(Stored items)

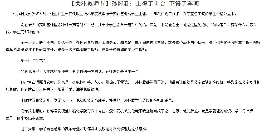 正在准备就业之际,他得知兰州石化学院需要一个汽车综合实训基地的管理人员,孙怀君对这个基地充满感情,就回来应聘,又从学生变成了学校的工作人员。
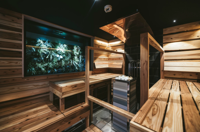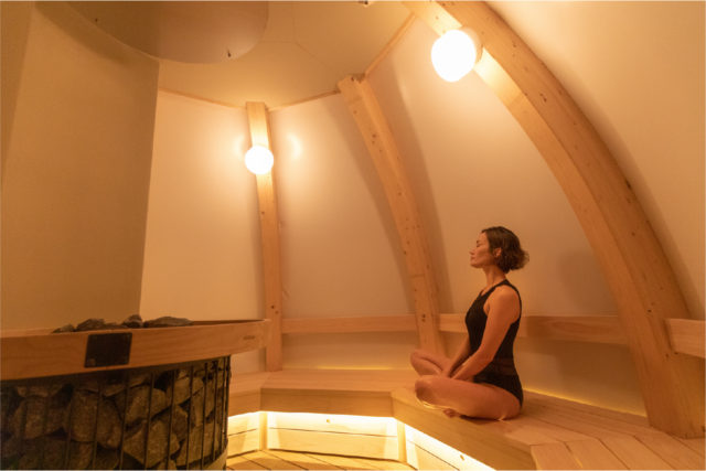 サウナは本格フィンランド式で、90℃のサウナとアロマ水で蒸気を発生させる「セルフロウリュ」を楽しむことができます。
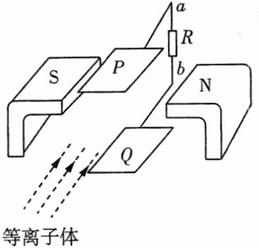 4.如图所示是磁流体发电机的示意图,两平行金属板 $P、Q$ 之间有一个很强的磁场. 一束等离子体(高温下电离的气体,含有大量正、负带电粒子)沿垂直于磁场方向喷入磁场. 将 $P、Q$ 与电阻 $R$ 相连接. 下列说法正确的是 ( )
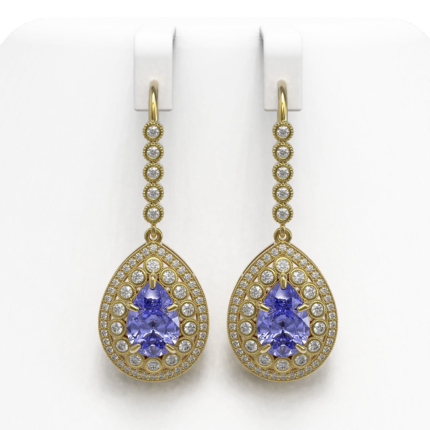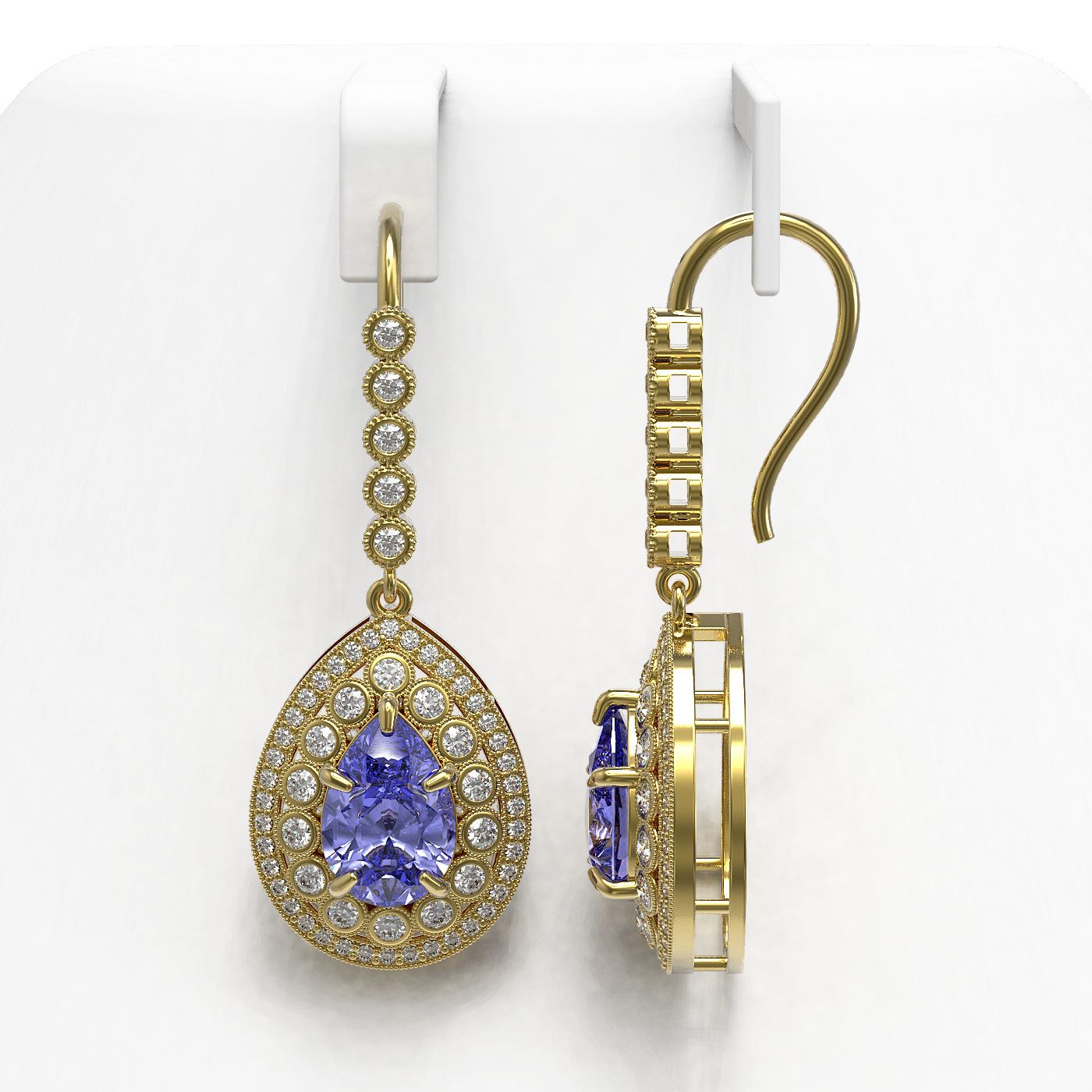 REF-345K5Y - SKU: 43156 ---- 8.95 ctw Tanzanite & Diamond Victorian Earrings 14K Yellow Gold
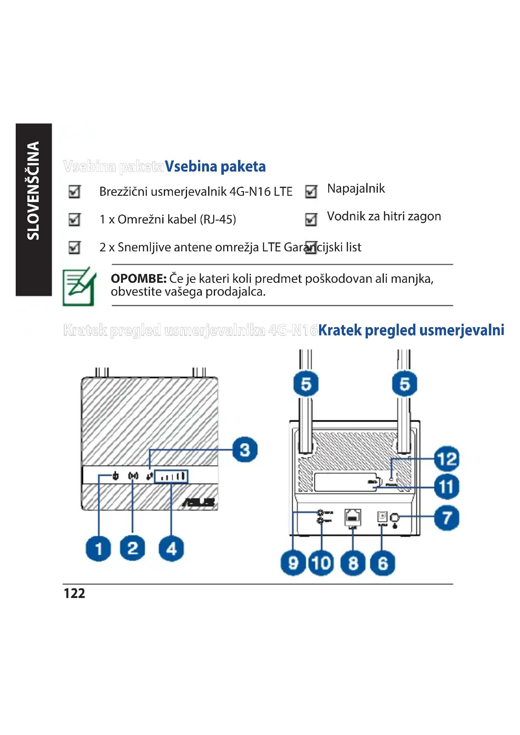 Prevádzková vlhkosť ≤ 90% Pamäť ≤ 95%122 SLOVENŠČINA OPOMBE: Če je kateri koli predmet poškodovan ali manjka, obvestite vašega prodajalca. Vsebina paketaVsebina paketa Brezžični usmerjevalnik 4G-N16 LTE Napajalnik 1 x Omrežni kabel (RJ-45) Vodnik za hitri zagon 2 x Snemljive antene omrežja LTE Garancijski list Kratek pregled usmerjevalnika 4G-N16Kratek pregled usmerjevalnika 4G-N16 Slovenščina123 SLOVENŠČINA Namestitev usmerjevalnika Namestitev usmerjevalnika
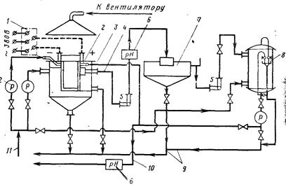 Рис. 6. Схема установки электрохимического умягчения воды I - выпрямитель ВАКГ-3200-18; 2 - диафрагменный электролизер; 3, 4 - аналит и каталит; 5 - насос; 6 - рН-метр; 7 - осветлитель со слоем взвешенного осадка; 8 - осветлительный скорый фильтр; 9 - сброс в канализацию; 10, 11 - отвод умягченной и подача исходной воды; 12 - расходомер; 13 - вытяжной зонт

- [Exercise requirements] Could the lines from the first entry through the line that contains "4.如图所示是磁流体发电机的示意图,两平行金属板 $P、Q$ 之间有一个很强的磁场." be copied exactly, with all pictures left out?

- [Response area]
 正在准备就业之际,他得知兰州石化学院需要一个汽车综合实训基地的管理人员,孙怀君对这个基地充满感情,就回来应聘,又从学生变成了学校的工作人员。
 サウナは本格フィンランド式で、90℃のサウナとアロマ水で蒸気を発生させる「セルフロウリュ」を楽しむことができます。
 4.如图所示是磁流体发电机的示意图,两平行金属板 $P、Q$ 之间有一个很强的磁场. 一束等离子体(高温下电离的气体,含有大量正、负带电粒子)沿垂直于磁场方向喷入磁场. 将 $P、Q$ 与电阻 $R$ 相连接. 下列说法正确的是 ( )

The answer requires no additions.